Carvajal: Decolonization

WIKEPEDIA describes land reform as an “alteration in the societal arrangements whereby a government administers the ownership of land.” Often controversial, its implementation is invariably fraught with near-insurmountable difficulties since it consists essentially in the transfer of ownership of land from the powerful few (nobles, colonizers and their modern counterparts) to the poor and powerless majority of a feudal nation.

The fact remains, however, that nations which succeeded in economically empowering their peoples did so with a definitive break from feudal “societal arrangements” through honest-to-goodness land reforms.

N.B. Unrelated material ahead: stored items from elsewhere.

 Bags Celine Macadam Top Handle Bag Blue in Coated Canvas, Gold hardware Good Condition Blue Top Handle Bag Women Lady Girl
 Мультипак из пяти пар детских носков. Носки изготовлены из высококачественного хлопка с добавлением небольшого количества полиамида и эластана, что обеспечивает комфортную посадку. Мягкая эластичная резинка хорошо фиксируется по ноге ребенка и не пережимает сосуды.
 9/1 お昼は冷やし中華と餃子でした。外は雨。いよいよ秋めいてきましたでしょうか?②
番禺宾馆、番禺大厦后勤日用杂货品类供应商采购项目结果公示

In Europe, to mention a few, Denmark had its first land reform legislation in 1919, Finland and Sweden even earlier in 1757 and France in the 1790’s, towards the end of the French revolution.

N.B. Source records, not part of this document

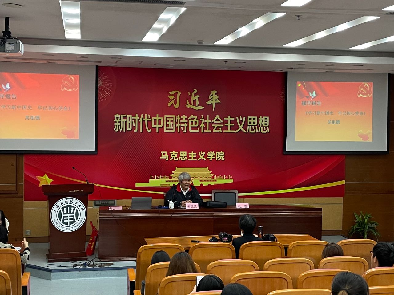 结业典礼结束后,学院邀请上海百老德育讲师团讲师吴祖德作报告,全体培训班成员参加了报告会。吴祖德以“为什么要学习新中国史”为切入点,指出学习新中国使可以把新中国取得的成就及经验运用到治国理政中,从而知史明智、知史担责、以史见金、以史资政。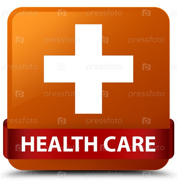 Здравоохранение (знак плюс) коричневая квадратная кнопка красная лента посередине
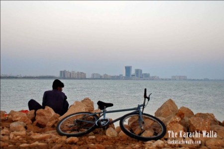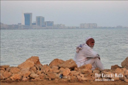A recent land reclaiming project is on the way near the rocks. As much malign as it may be, it still facilitates in getting closer to the rocks. People have taken notice. On Sunday there were around thirty people relaxing on the road being built. There were children, families, loners, elders, cycle wallas, vespa wallas, fishermen and more. Regardless of their ethnicity and differences, they saw the sun setting behind Oyster rocks together, with reverence embodied in a true Karachi Walla. They Oyster rocks turned into the boulders of gold invigorating everyone’s imagination. Infamous KPT fawara started throwing water as moazin finished calls for prayers.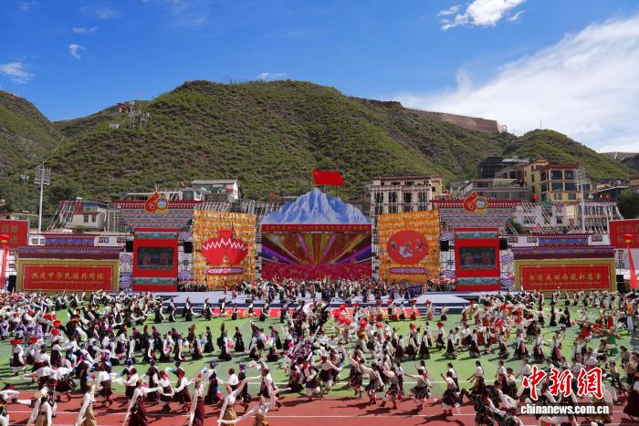 圖為開幕式上的文藝演出。貢確 攝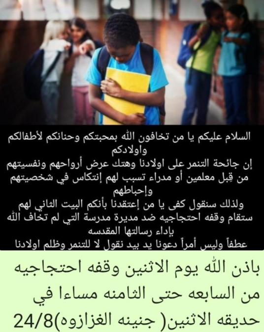 اريد مفهوم هذه "الوقفة الاحتجاجية " ، ما هو المطلوب من هذه الوقفة، اهي ضد التنمر بشكل عام ام هي مظاهرة ضد احدى المدراء في يافا ؟ يجب على الموقع ايضاح هذه المسألة بالمنشور قبل ان تدعي يافا للمظاهرة ، يجب على الموقع التوضيح ان السيدة " نور ابو شحادة " كانت من سكان يافا سابقا وان منذ عدة اعوام تزوجت وسكنت في جلجولية ، ليس لها اولاد في مدارس يافا وليس لها اولاد حتى في جيل الدراسة ، عيب على الموقع وعلى من كتب هذا المنشور ان ينشر جزء من الخبر وعدم التبيين بالدعوة ما هو هدف ال"وقفة الاحتجاجية"

In Asia, Japan did it first in 1897, then again in 1947. “Tiger economies” like South Korea did it in 1945-50 and Taiwan in 1950. China, now the second biggest economy, tried one in 1940 but the straw that broke the camel’s back came with Mao in 1946.

The Philippines, a non-tiger, was last to start with a feeble land reform program in the 1960’s followed by the now-failed Comprehensive Agrarian Reform Program (Carp) in the 1980s.

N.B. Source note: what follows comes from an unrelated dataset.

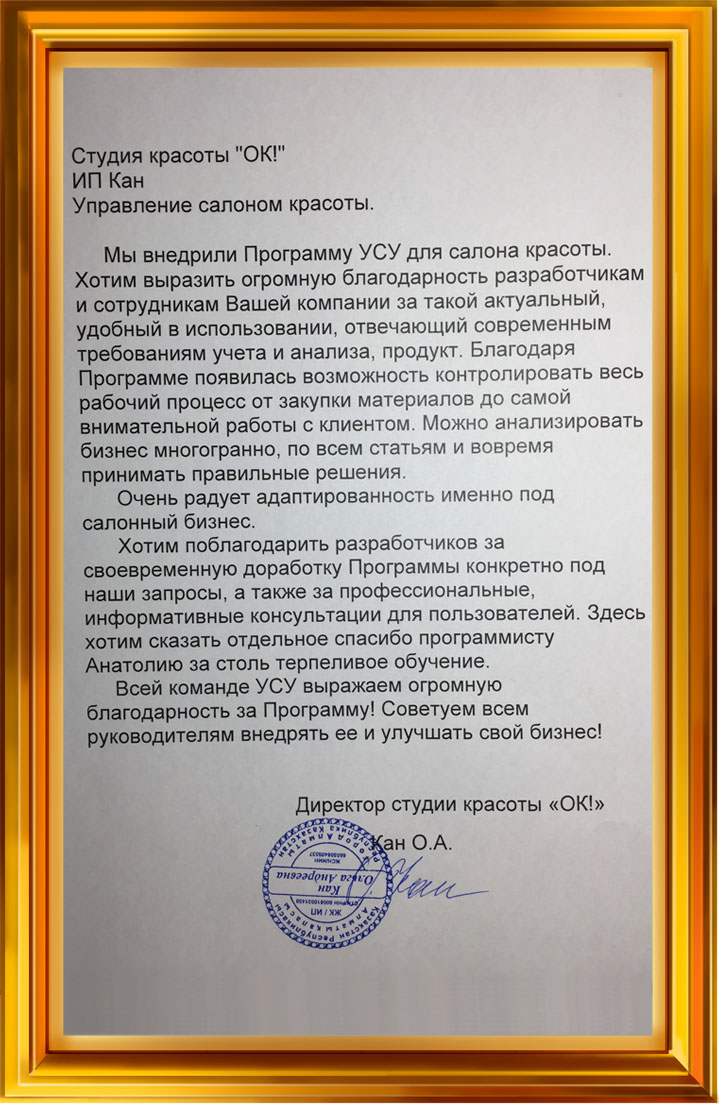Отзыв студии красоты «ОК!» об Универсальной Системе Учета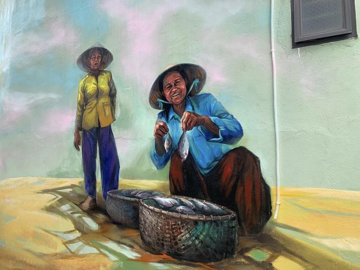 Adorned with approximately 30 colorful murals by various artists adorning the walls of local houses, Mân Thái Mural Street showcases the life of residents in a traditional seaside village since ancient times.

In Latin America and Africa, land reform is a major component in their efforts to decolonize themselves. Former colonies there that are socially restructuring and rejecting colonial values through land reform are enjoying vibrant economic surges and catching the world’s attention.

The Cory administration’s Carp fell flat after 20 years, killed by government corruption that was abetted by opponents of land reform. President Noynoy Aquino’s administration could revive it with a definitive resolution of the Hacienda Luisita controversy. Far from being intra-corporate, it is a national issue that could decide whether or not we Filipinos will finally disabuse ourselves of our lingering colonial mentality that makes a few decide what is good for the many who, in turn, think of their survival as a gift from their bosses in the farm, in the workplace and even in church.

We need to free ourselves from feudal structures and values, a “societal arrangement” that dates back to the colonial era. Controversial or not, difficult or not, we just have to try land reform again until we succeed. Either that or remain a colony, this time of privileged few fellow Filipinos. Hacienda Luisita could restart it by shunning compromise agreements and complying with our land reform laws strictly.

Decolonization is to break the shackles of our colonial past.

Land reform can do it for us if earnestly pursued as our more progressive neighbors have gone ahead and shown us.